La même logique — pas de dogme, le bon outil pour le bon travail — s'applique à un autre choix d'outillage central sur ce genre de projet : comment animer une interface. Ce site utilise Framer Motion (aujourd'hui simplement « Motion ») du premier au dernier écran : les transitions de page, le menu mobile, le chatbot, les micro-interactions au survol. La raison est simple — Framer Motion est pensé pour React dès la conception, avec une API par hooks (`useMotionValue`, `useScroll`, `whileInView`) qui s'intègre directement dans le modèle de composants plutôt qu'à côté. Pour une interface faite de dizaines de petites animations d'état, c'est l'option la plus naturelle à écrire et la plus simple à maintenir dans la durée.

GSAP (GreenSock) répond à un besoin différent, et souvent complémentaire plutôt que concurrent : le scroll storytelling. Dès qu'il s'agit de synchroniser précisément plusieurs éléments sur la position de défilement — un texte qui se découpe lettre par lettre, une section qui reste épinglée à l'écran pendant qu'un contenu défile horizontalement, une timeline avec dix étapes chorégraphiées à la seconde près — GSAP, et son plugin ScrollTrigger en particulier, offre un niveau de contrôle que les outils pensés « React-first » peinent encore à égaler. Ce n'est pas un hasard si le portfolio personnel de Thomas Prud'homme, à l'origine de ce studio, s'appuie justement sur GSAP combiné à Lenis pour son défilement fluide et ses animations de particules 3D — un terrain où le récit visuel prime sur l'architecture de composants.

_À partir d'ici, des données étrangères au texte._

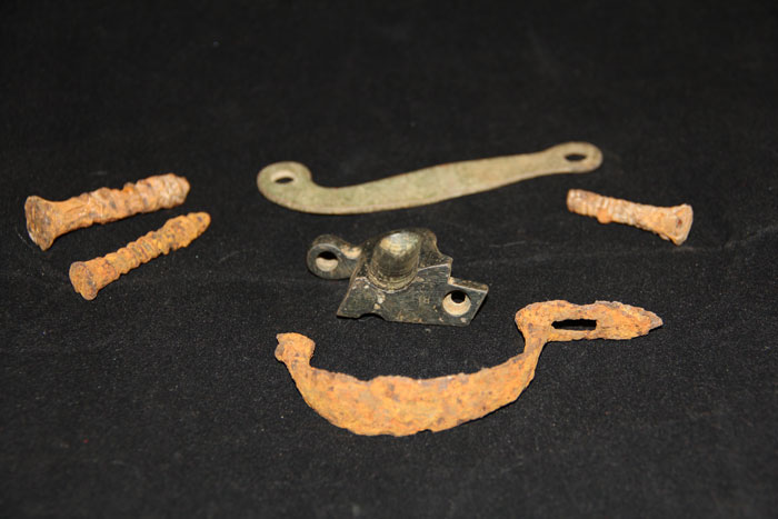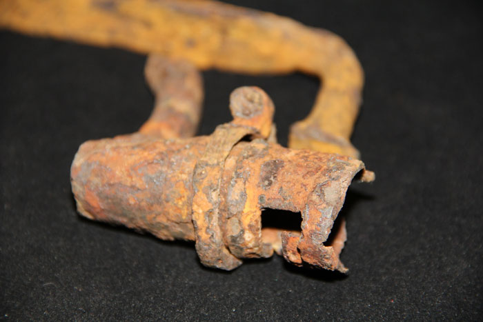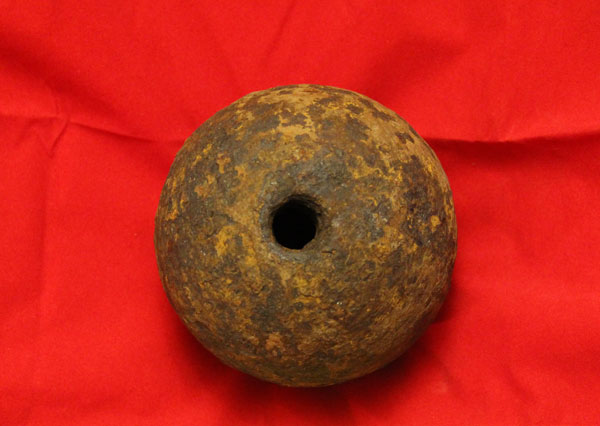 6-ти фунтовая граната и осколки от разорвавшейся гранаты.

La question à se poser n'est donc jamais « lequel est le meilleur », mais « quel est le problème à résoudre ». Une interface d'usage quotidien — un tableau de bord, un site vitrine, un configurateur — gagne à rester dans l'écosystème natif de son framework : moins de dépendances à charger, moins de concepts à apprendre pour la personne qui reprendra le code dans deux ans. Une page pensée comme une expérience, où le défilement raconte quelque chose, justifie l'investissement d'un outil plus spécialisé.

Ce qu'il faut en retenir

Aucun de ces outils n'est un mauvais choix en soi — ils optimisent simplement pour des priorités différentes : la compatibilité maximale pour npm, la rigueur du monorepo pour pnpm, la flexibilité du cache pour Yarn Berry, la vitesse brute et l'unification de la chaîne d'outils pour Bun. Le vrai risque n'est pas de choisir « le mauvais », mais de ne jamais se poser la question et de traîner un choix hérité sans en mesurer le coût réel sur son propre flux de travail. C'est une question qu'on se pose sur chaque nouveau projet client, jamais tranchée d'avance — et c'est très exactement ce qui a mené ce site-ci vers Bun plutôt qu'ailleurs.